Repeat, word for word, all the data that follows, and exclude the pictures.

# [Data segment]
Start of Block

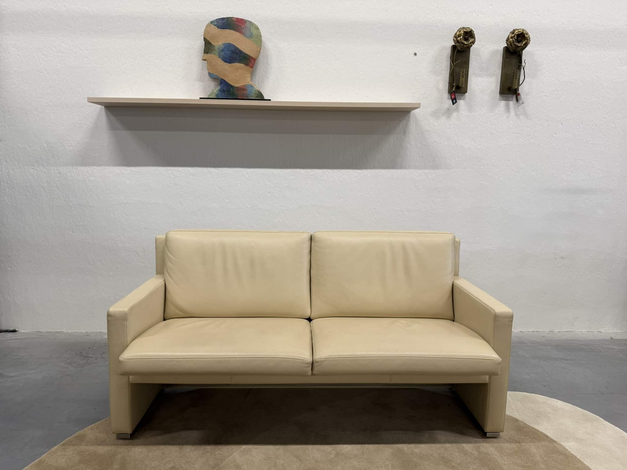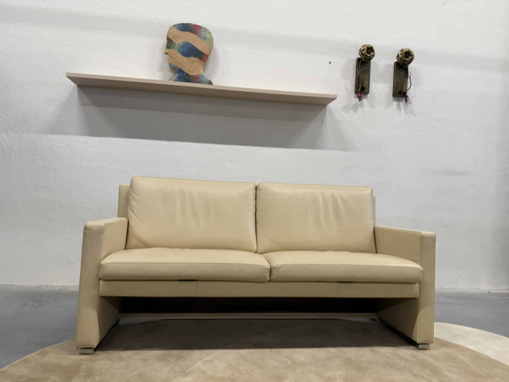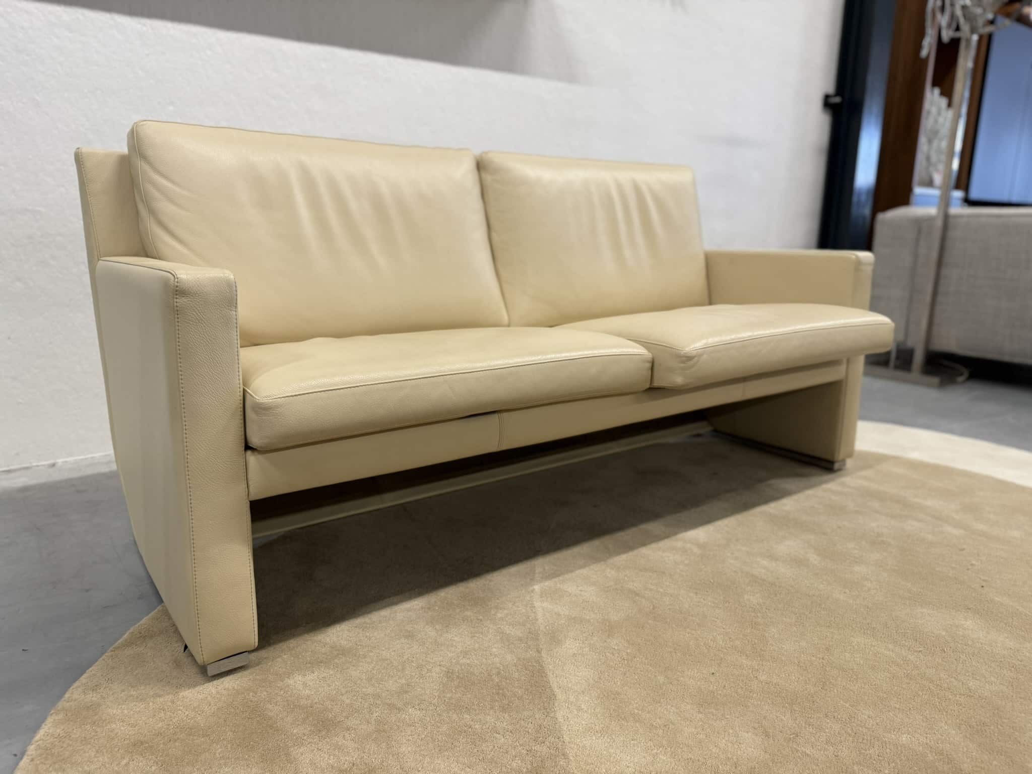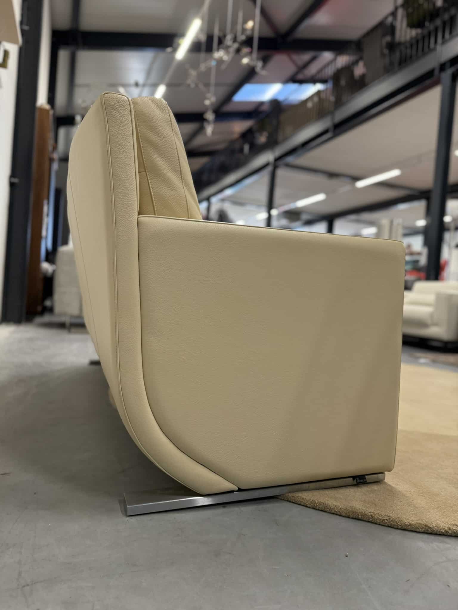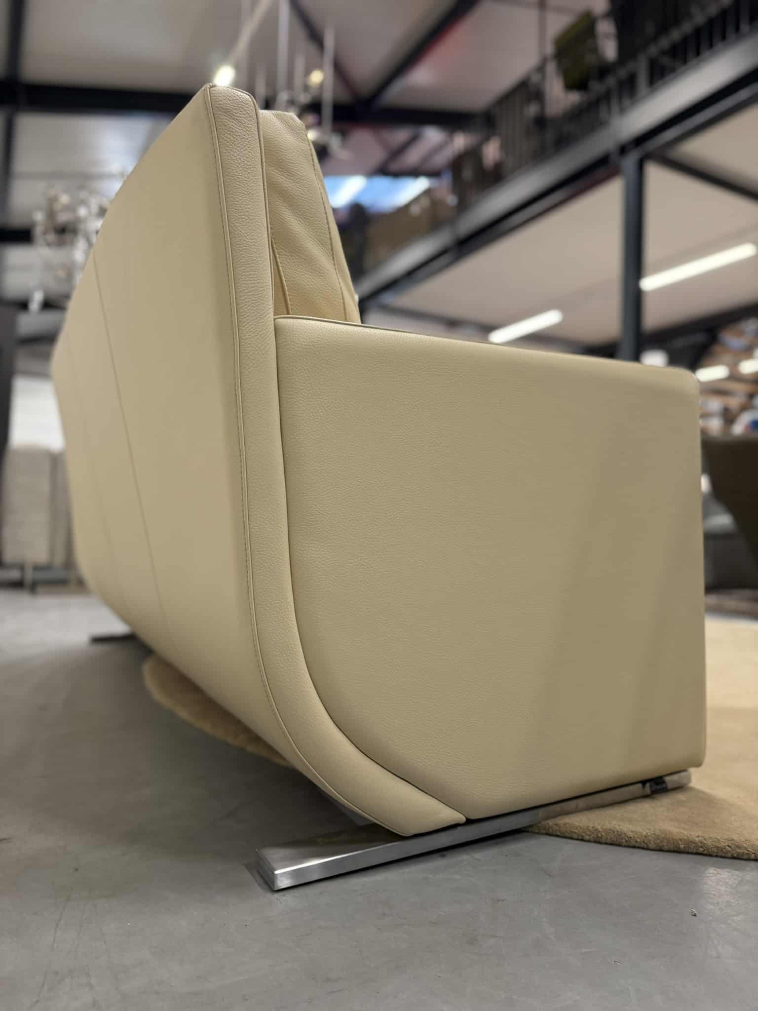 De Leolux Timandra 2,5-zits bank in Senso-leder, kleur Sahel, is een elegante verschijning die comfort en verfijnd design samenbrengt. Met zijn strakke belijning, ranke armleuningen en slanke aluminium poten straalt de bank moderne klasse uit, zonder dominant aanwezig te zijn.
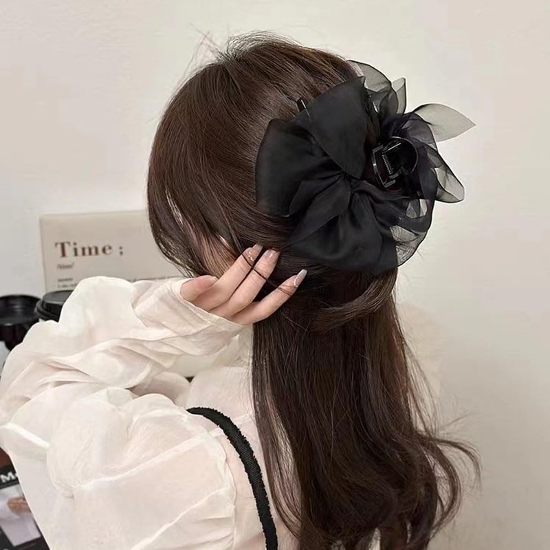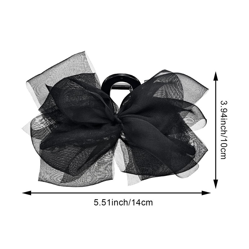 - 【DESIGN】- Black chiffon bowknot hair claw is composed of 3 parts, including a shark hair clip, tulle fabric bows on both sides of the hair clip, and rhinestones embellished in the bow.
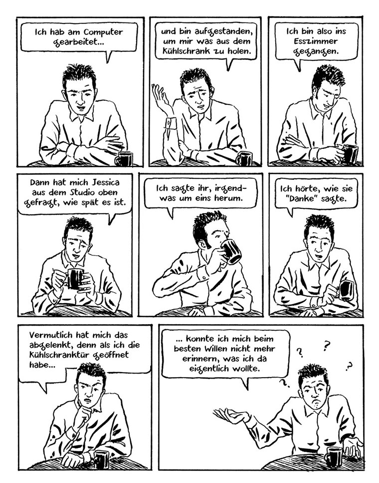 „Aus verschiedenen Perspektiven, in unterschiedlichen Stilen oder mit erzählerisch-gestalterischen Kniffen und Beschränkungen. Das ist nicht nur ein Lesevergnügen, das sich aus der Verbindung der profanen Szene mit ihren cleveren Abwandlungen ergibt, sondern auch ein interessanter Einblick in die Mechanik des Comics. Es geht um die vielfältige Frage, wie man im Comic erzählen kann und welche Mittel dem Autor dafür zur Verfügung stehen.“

End of Block

# [Solution to the problem]
 De Leolux Timandra 2,5-zits bank in Senso-leder, kleur Sahel, is een elegante verschijning die comfort en verfijnd design samenbrengt. Met zijn strakke belijning, ranke armleuningen en slanke aluminium poten straalt de bank moderne klasse uit, zonder dominant aanwezig te zijn.
 - 【DESIGN】- Black chiffon bowknot hair claw is composed of 3 parts, including a shark hair clip, tulle fabric bows on both sides of the hair clip, and rhinestones embellished in the bow.
 „Aus verschiedenen Perspektiven, in unterschiedlichen Stilen oder mit erzählerisch-gestalterischen Kniffen und Beschränkungen. Das ist nicht nur ein Lesevergnügen, das sich aus der Verbindung der profanen Szene mit ihren cleveren Abwandlungen ergibt, sondern auch ein interessanter Einblick in die Mechanik des Comics. Es geht um die vielfältige Frage, wie man im Comic erzählen kann und welche Mittel dem Autor dafür zur Verfügung stehen.“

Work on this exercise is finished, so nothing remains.